* [What is required]
Reproduce exactly, and only, the lines of the material below running from the line bearing "斬新パワトレ採用の「GR LH2 Racing」フランスで披露" through the line bearing "Edinilen bilgilere göre, Mikail". Leave any pictures out.

▶

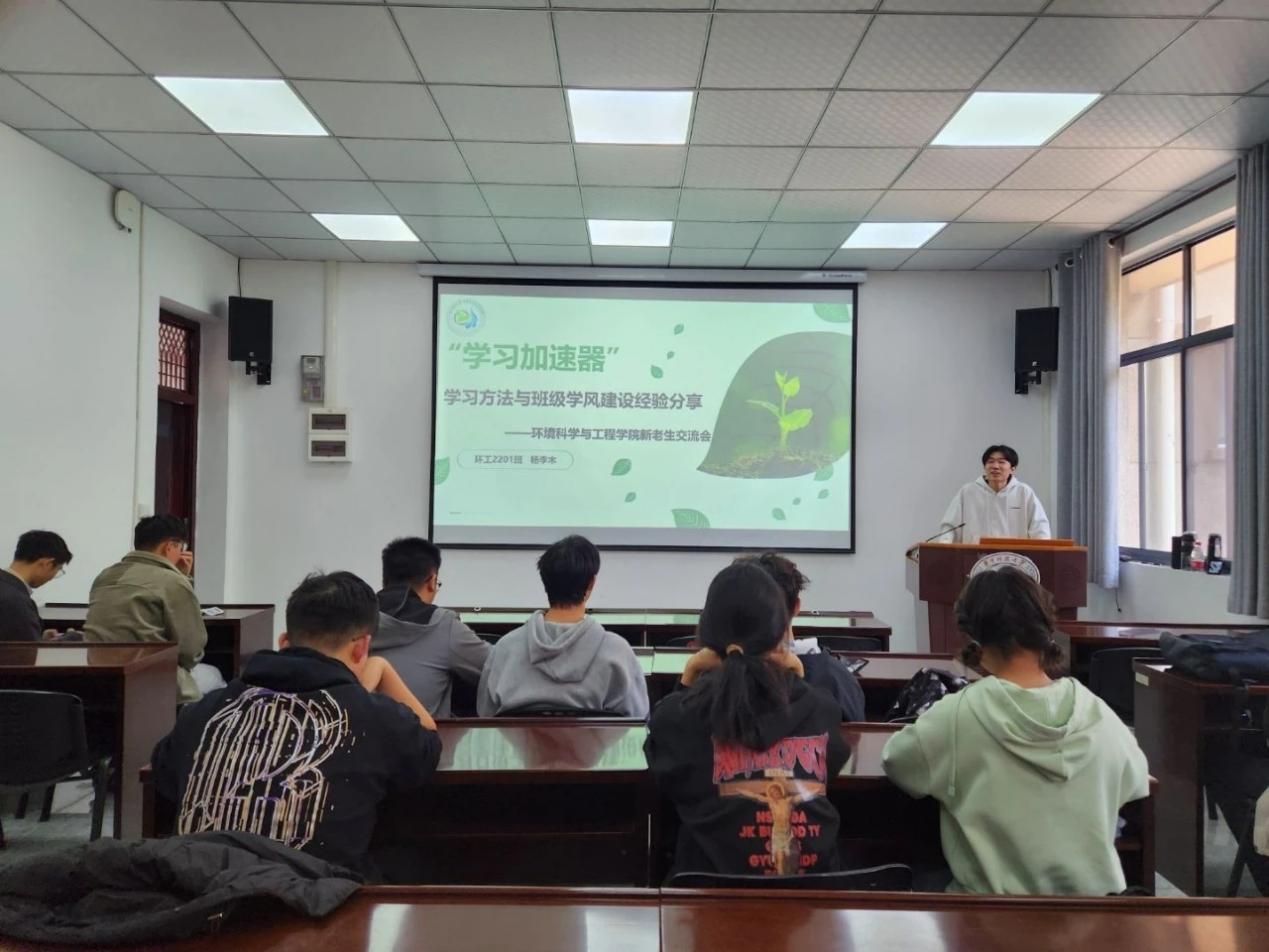 3 月 29 日的学习方法分享会在环境楼举行。学生党员杨李木同志围绕自身大学三年的学习经历,从课程学习、科研实践、时间管理等方面展开分享。他系统地讲解了制定学习计划的方法,结合自身参与专业竞赛、科研项目的经历,向新生们传授如何平衡学业与实践的技巧,并鼓励新生主动探索专业领域前沿知识,积极与导师沟通交流。杨李木同志详实的分享内容、清晰的讲解逻辑,为新生们规划大学生活提供了切实可行的指导。
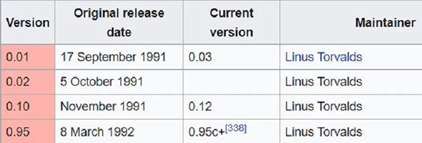 当 Linus 刚开始开发内核时,所使用的版本控制系统只是由一个从零(0.x)开始的递增变量方案组成。最初,Linus 是该项目的唯一工作人员,这个版本控制系统足以满足记录和分发新内核版本的需要。
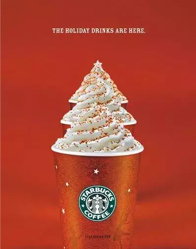 Connecting the image of Christmas tree and features of its products is commonly seen. For example, the poster which is created by “Starbucks”. The bright red cup and Christmas-tree-shaped cream link with Christmas appropriately, and on the cup stands out the logo “Starbucks”. While the slogan is featureless—”The holiday drinks are here.”
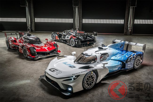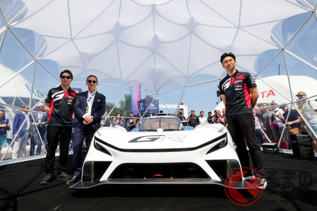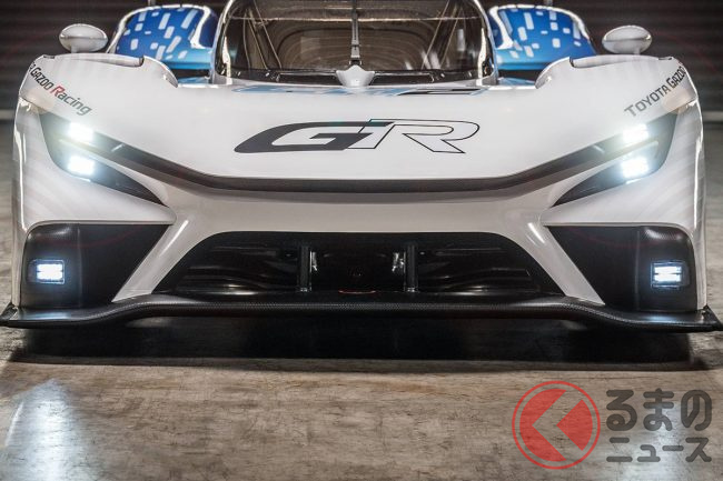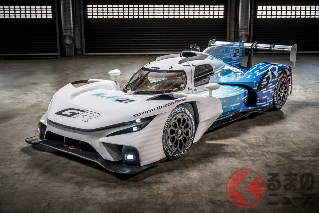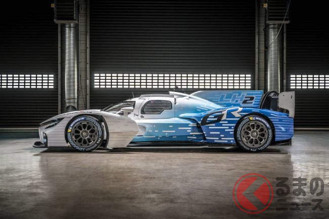 トヨタ“新”「スーパーマシン」世界初公開! 全長5.1mボディ&大型リアウィングが超カッコイイ! 斬新パワトレ採用の「GR LH2 Racing」フランスで披露
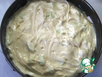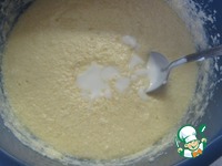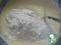 Добавить муку, смешанную с разрыхлителем теста и солью, тщательно перемешать (тесто по консистенции как густая сметана). |
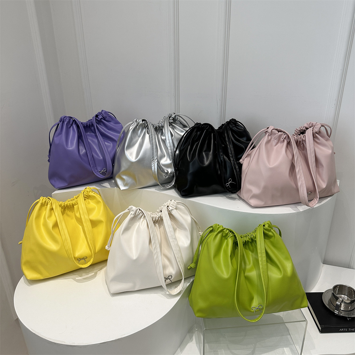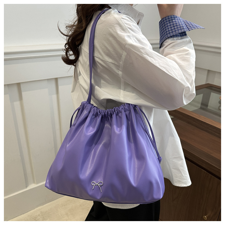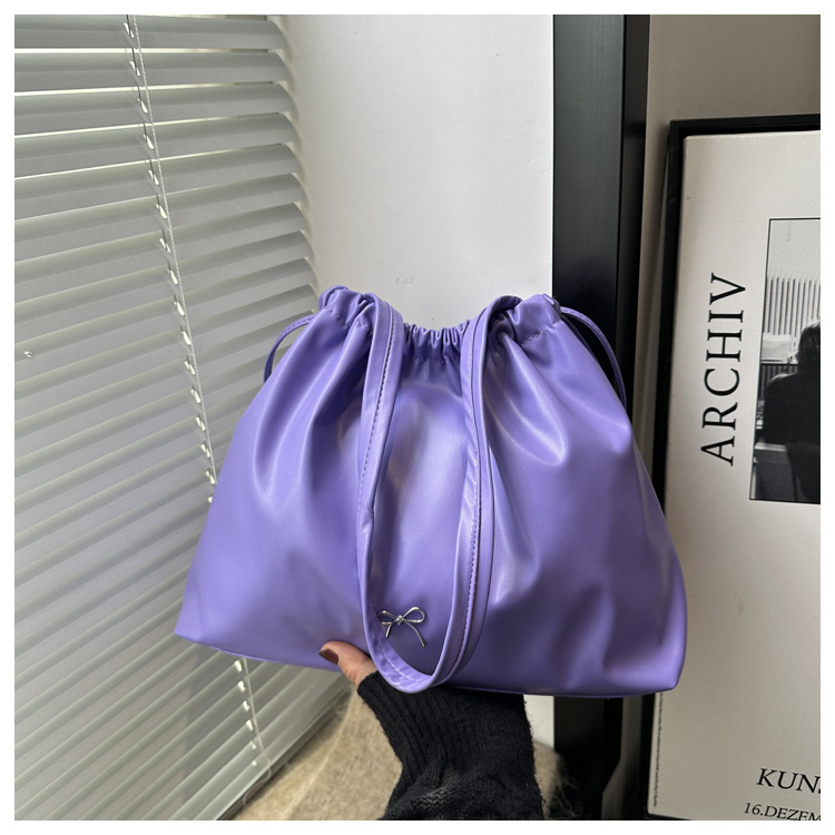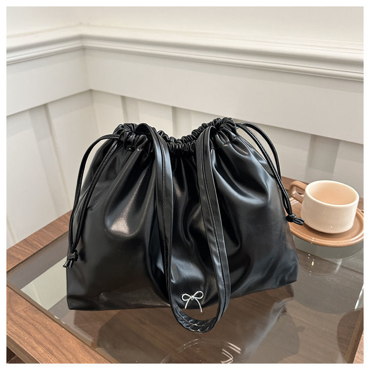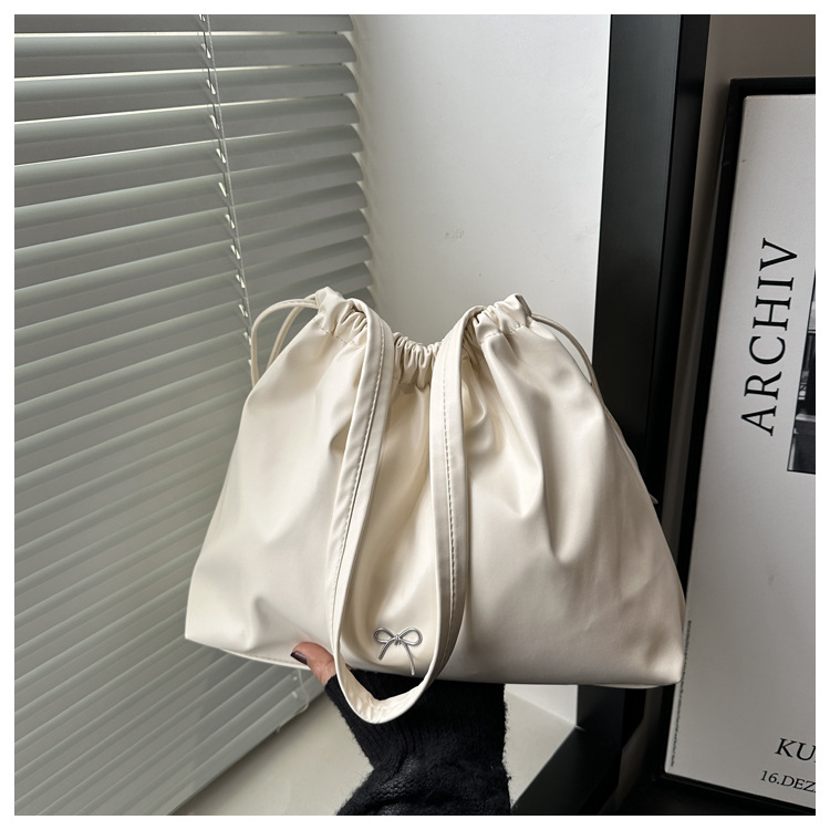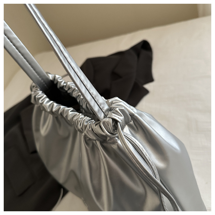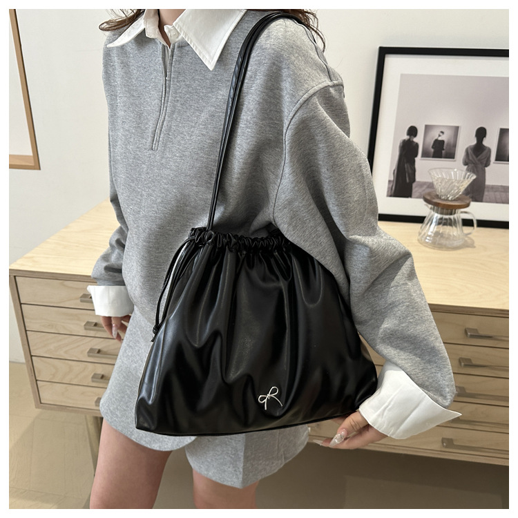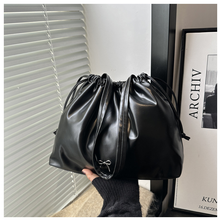 드로우 스트링 주름 양동이 가방 여성의 2024 유행 새로운 스타일 대용량 가을 캐주얼 어깨 올 매치 토트 백스토어 가기
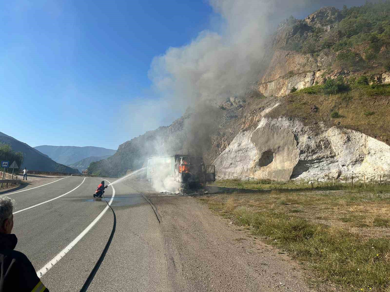 Edinilen bilgilere göre, Mikail Tatar yönetimindeki tır, Artvin-Borçka karayolunun 14. kilometresinde henüz bilinmeyen bir nedenle yanmaya başladı. Sürücünün durumu fark ederek aracı yol kenarına çekmesiyle birlikte olay yerine Artvin Belediyesi itfaiye ekipleri sevk edildi. Kısa sürede bölgeye ulaşan ekipler, alevlere müdahale ederek yangını kontrol altına aldı. Yangın söndürülürken tırda büyük çapta maddi hasar oluştu.
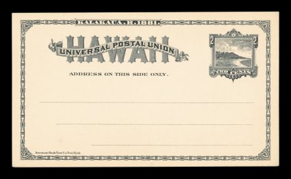 1309 ogc UX1-9a image1882-97 Postal cards a complete set of 10 different cards, the last issue is the 1894 printing of the 1c and the 1897 printing of the 2c, includes the very scarce 1892 lithographed printing of the 2c Black, which really should have its own number just as the 1c has its own number as lithographed, all are crisp and fresh with sharp edges and corners, very fine. (Image) $530.00
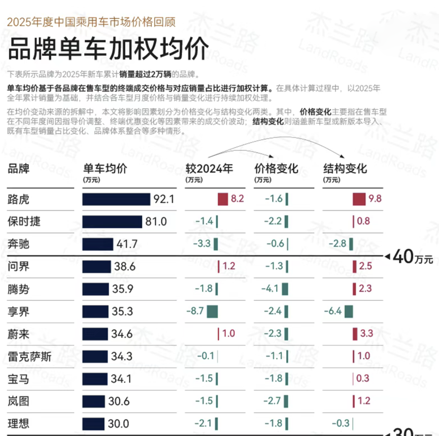 报告显示:2025年问界的单车成交均价攀升至38.6万元,比上年提升了1.2万元。更关键的是,问界在品牌单车成交均价榜单中位列第四名,同时又斩获了新能源汽车品牌成交均价第一名。
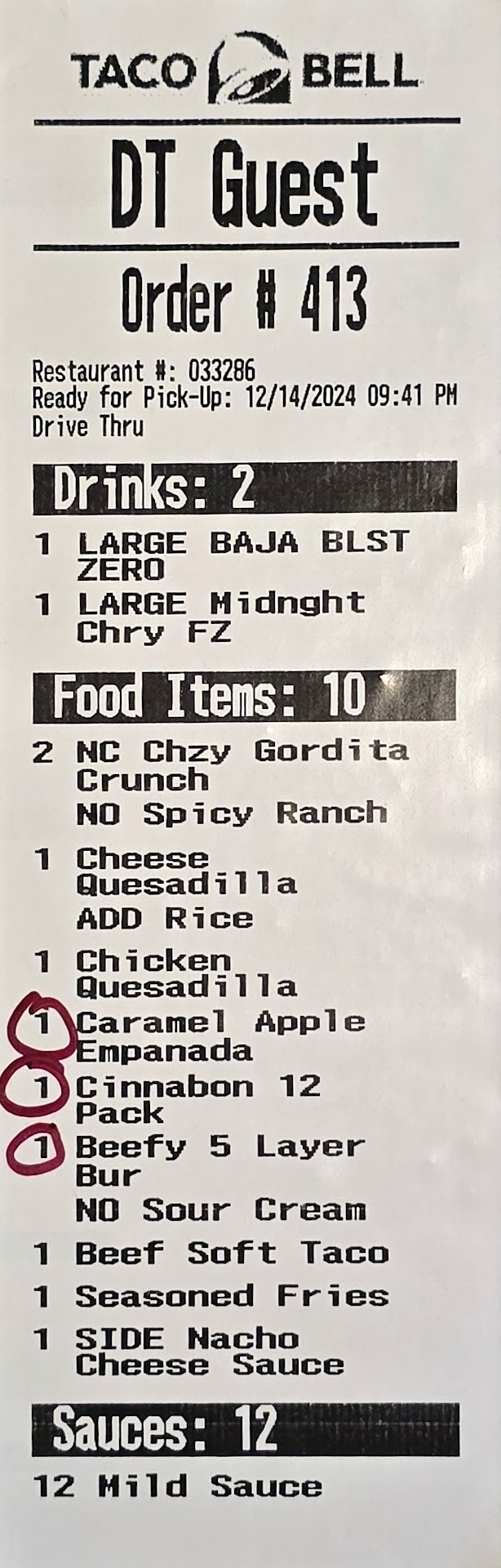 I mean it's Taco Bell. You normally don't eat here for good flavor, class, or as a treat. It's a eat in bulk type restaurant and Taco Bell knows that. Over the years they've taken away half decent tasting things and added more but amidst it all have maintained relatively the same price point and marketing. I truly appreciate that it is a place to eat and reminisce about being poor and only eating Taco Bell or having eating competitions with the guys. The reason for the 2 stars mainly is because of ingrediant quality and healthy options . I know it's a place for carbs and fat but being able to offset the bad choice of ordering 4 burritos with a nice fresh well made veggie taco or something would be wonderful. Plus service standards are not upheld across the numerous locations.

◀

* [Output]
 トヨタ“新”「スーパーマシン」世界初公開! 全長5.1mボディ&大型リアウィングが超カッコイイ! 斬新パワトレ採用の「GR LH2 Racing」フランスで披露
 Добавить муку, смешанную с разрыхлителем теста и солью, тщательно перемешать (тесто по консистенции как густая сметана). |
 드로우 스트링 주름 양동이 가방 여성의 2024 유행 새로운 스타일 대용량 가을 캐주얼 어깨 올 매치 토트 백스토어 가기
 Edinilen bilgilere göre, Mikail Tatar yönetimindeki tır, Artvin-Borçka karayolunun 14. kilometresinde henüz bilinmeyen bir nedenle yanmaya başladı. Sürücünün durumu fark ederek aracı yol kenarına çekmesiyle birlikte olay yerine Artvin Belediyesi itfaiye ekipleri sevk edildi. Kısa sürede bölgeye ulaşan ekipler, alevlere müdahale ederek yangını kontrol altına aldı. Yangın söndürülürken tırda büyük çapta maddi hasar oluştu.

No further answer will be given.